The Danger of His Majesty’s Service — The Wreck of the HMS Brazen

In Jane Austen’s books, most naval men come home to their wives, sisters, mothers, and sweethearts. Service at sea in the Napoleonic Wars was cast in Austen’s novels as more opportunity than threat, with young men going forth to make their fortune and returning as captains ready to wed.

 

The only seaman to not make it home alive in an Austen novel was a small bit player in her last novel, Persuasion, and he was the unlovable and unworthy Richard “Dick” Musgrove, which was no loss at all. Nevertheless, this was far from the reality of Austen’s day.
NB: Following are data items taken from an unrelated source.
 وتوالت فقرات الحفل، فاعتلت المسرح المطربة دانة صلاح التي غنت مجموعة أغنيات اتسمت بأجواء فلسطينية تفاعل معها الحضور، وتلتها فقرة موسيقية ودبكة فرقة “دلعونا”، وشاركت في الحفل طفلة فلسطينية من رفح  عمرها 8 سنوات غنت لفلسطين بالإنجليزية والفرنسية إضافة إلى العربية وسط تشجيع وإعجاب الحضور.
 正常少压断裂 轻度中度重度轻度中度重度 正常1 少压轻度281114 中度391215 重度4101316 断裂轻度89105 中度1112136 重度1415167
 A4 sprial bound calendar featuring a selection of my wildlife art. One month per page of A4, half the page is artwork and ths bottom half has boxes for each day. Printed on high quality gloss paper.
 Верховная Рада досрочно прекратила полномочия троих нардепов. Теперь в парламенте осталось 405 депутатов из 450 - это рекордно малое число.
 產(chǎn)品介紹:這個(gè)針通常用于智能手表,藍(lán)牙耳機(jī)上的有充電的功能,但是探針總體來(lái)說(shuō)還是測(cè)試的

Why was she so sentimental about the Royal Navy when she was sharp enough about everything else?

It was probably because Austen’s brothers in the Navy all lived and rose to high ranks and established their wealth during these conflicts; that was the world as she knew it. Furthermore, her love for her siblings edged upon religious devotion, and their profession was as sacrosanct as they were. The only negative emotion she ever expressed regarding the loving a seafaring man was, again, in Persuasion, where she wrote that the hero’s profession as a captain, “was all that could ever make [Anne Elliot Wentworth’s] friends wish that tenderness less, the dread of a future war all that could dim her sunshine.”

Even then, Austen declared that Anne, “gloried in being a sailor’s wife”, even though “she must pay the tax of quick alarm for belonging to that profession which is, if possible, more distinguished in its domestic virtues than in its national importance.” It was clear that in Austen’s opinion to be a Naval officer was all that was noble, and to be a naval officers wife was worth risking the ultimate sacrifice of losing one’s husband.
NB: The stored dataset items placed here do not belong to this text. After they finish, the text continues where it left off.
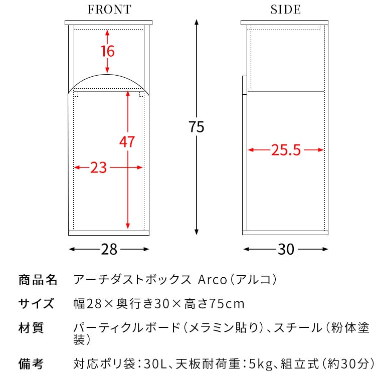 備考 対応ポリ袋:30L、天板耐荷重:5kg、組立式(約30分)
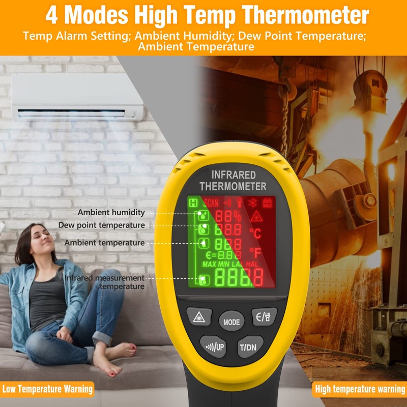 - ✅ 4-in-1 Measurement Functions – Get more than just surface temperature. Also measures humidity, ambient temperature, and dew point—perfect for HVAC troubleshooting, workshop monitoring, and home environment checks.
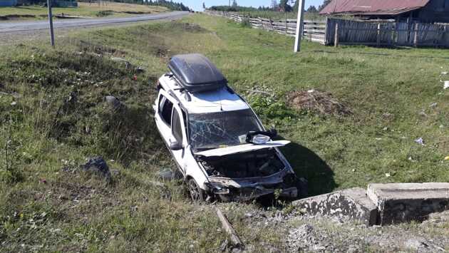 Не справился с управлением и улетел в кювет: на трассе в Башкирии перевернулась «Лада Ларгус»
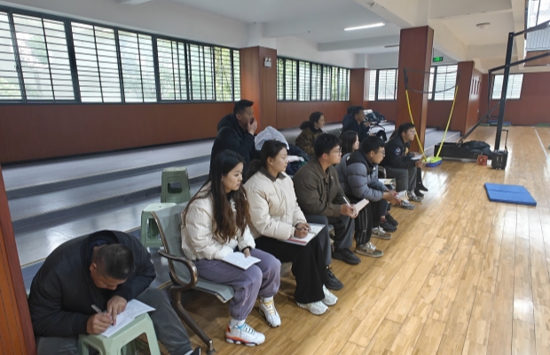 体育组教研活动:跪跳起与体操动作的结合
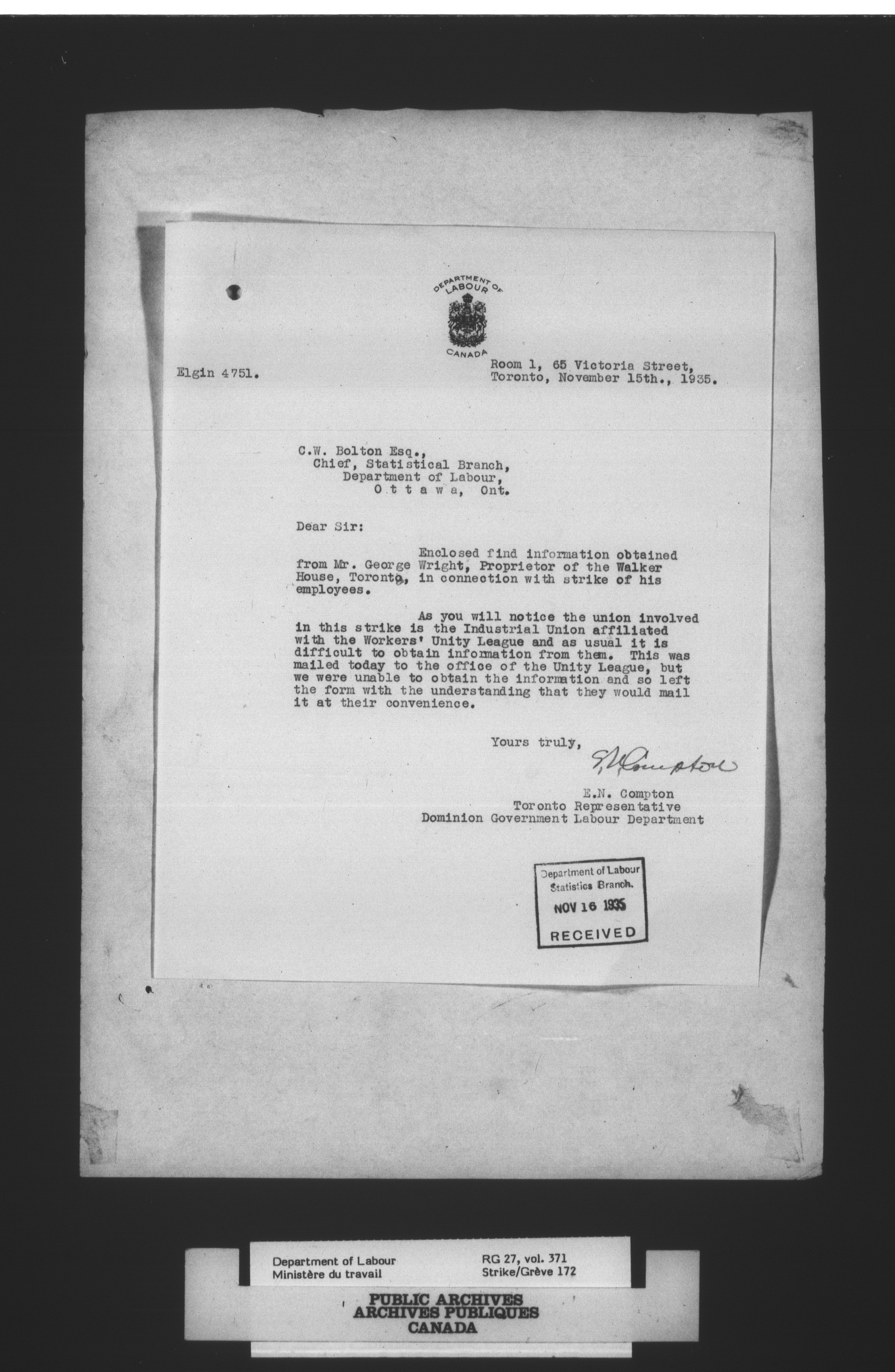 Department of Labour, Economics and Research Branch : Strikes and lockout files - 2981
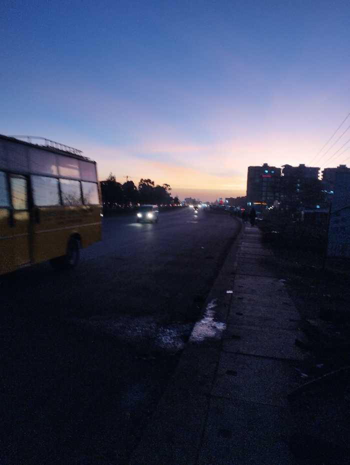 A low-angle shot captures a street at dusk. A yellow bus occupies the left frame, while cars with headlights illuminate the road. Buildings stand to the right, beneath a colorful sky transitioning from blue to orange near the horizon. A sidewalk runs along the right side, with dark pavement in the foreground. Utility lines are visible overhead.
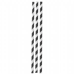 Pappírsrör Rendur Svört/Hvít 12st

The modern reader is blissfully unaware of how truly dangerous going to sea in His Majesty’s Service really was, but the contemporary reader could have not have been ignorant of the facts. If nothing else, horrific shipwrecks happened with distressing regularity off the coast of England even without military action.

For example, on 26 January 1800 the HMS Brazen, under the command of Captain James Hanson, was wrecked under high cliffs west of Newhaven in East Sussex by strong winds. The crew cut the main and mizzen masts to lighten the ship and try to prevent avoid the Brazen from hitting the rocks, but even without the masts the waves were too strong. The Brazen tipped (or heeled) over onto her side, sending the men into the water. At dawn,

the Brazen‘s hull was visible about half a mile from shore. The tide was low and observers could see large numbers of her crew still clinging to the upturned hull. As the hours passed the ship’s remains gradually disappeared, until by high tide the waves were “breaking nearly fifty feet up the cliff face”
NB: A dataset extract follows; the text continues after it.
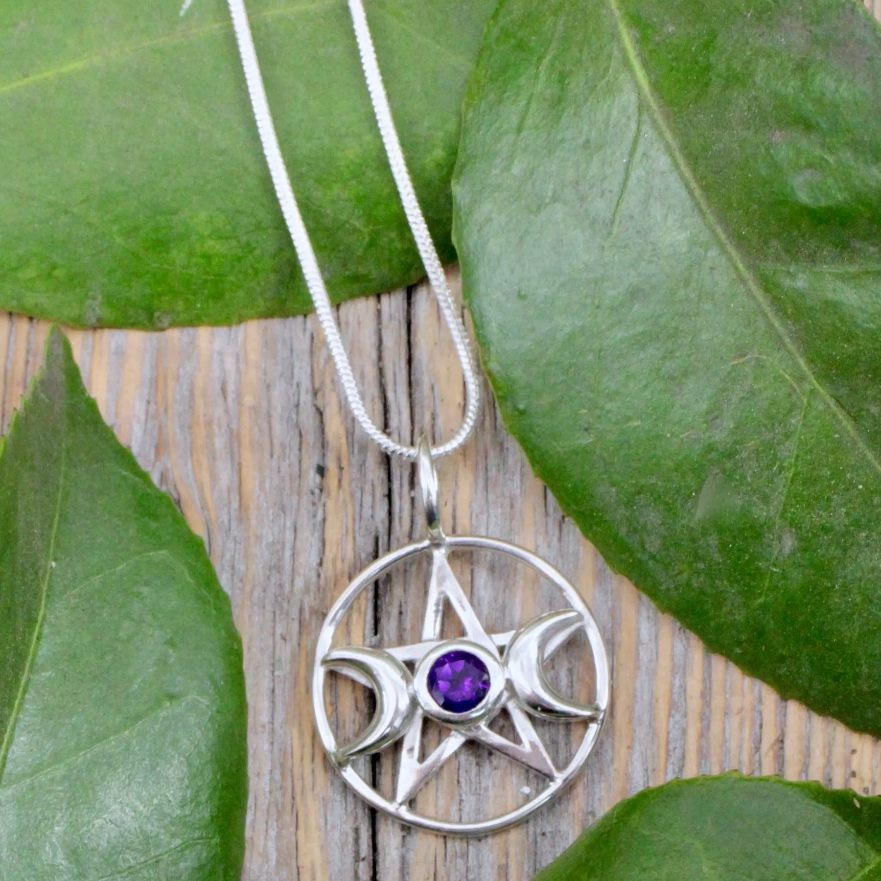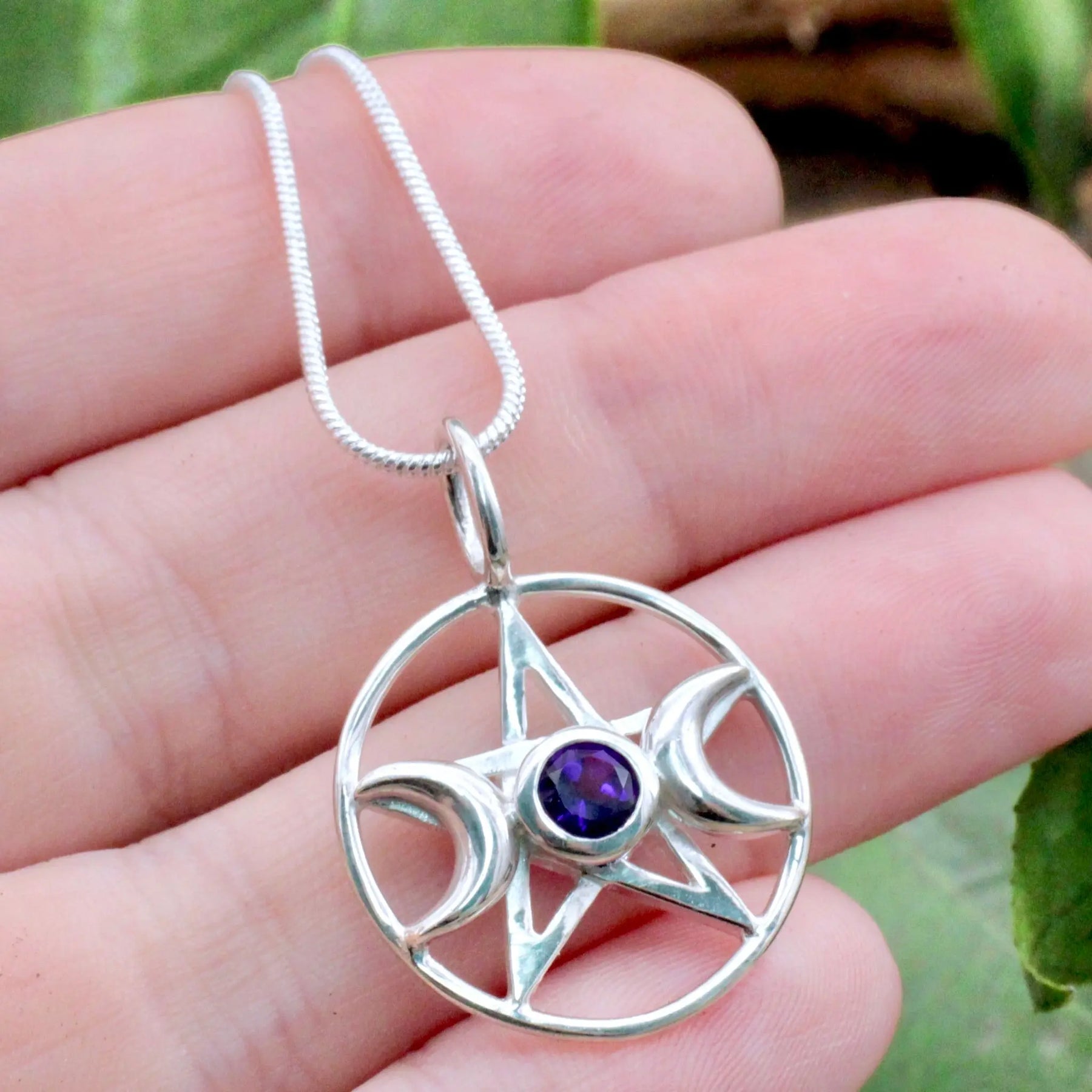 Faceted Amethyst Triple Moon on Star Pendant - Sterling Silver

Captain Andrew Sproule, Commander of the Brighton Sea Fencibles, tried to effect a rescue but it was no use.

Of a crew of 105, there was only one survivor, able bodied seaman Jeremiah Hill. The townspeople of Newhaven recovered 95 bodies and buried in the churchyard of St Michael’s church. Captain Hanson’s body was never found; Davy Jones kept him. The captain’s widow, Louisa Hansen, lived to the age of 103 without remarrying, and “is believed to have been the longest recipient of a naval pension on record.”

The people of Newhaven were so distraught by their inability to save the men clinging to the ship that in “May 1803, using funds partly raised locally and partly from Lloyd’s of London, they acquired a rescue lifeboat of Henry Greathead‘s “Original” design … some twenty years before the formation of the Royal National Lifeboat Institution (RNLI)”, just in case it ever happened again on their shores.

The Brazen was one of almost 200 ships lost in 1800 to Great Britain alone and even more were lost in battle. Serving in the Navy may have been glorious, but was frequently also an one-way ticket to a wet grave.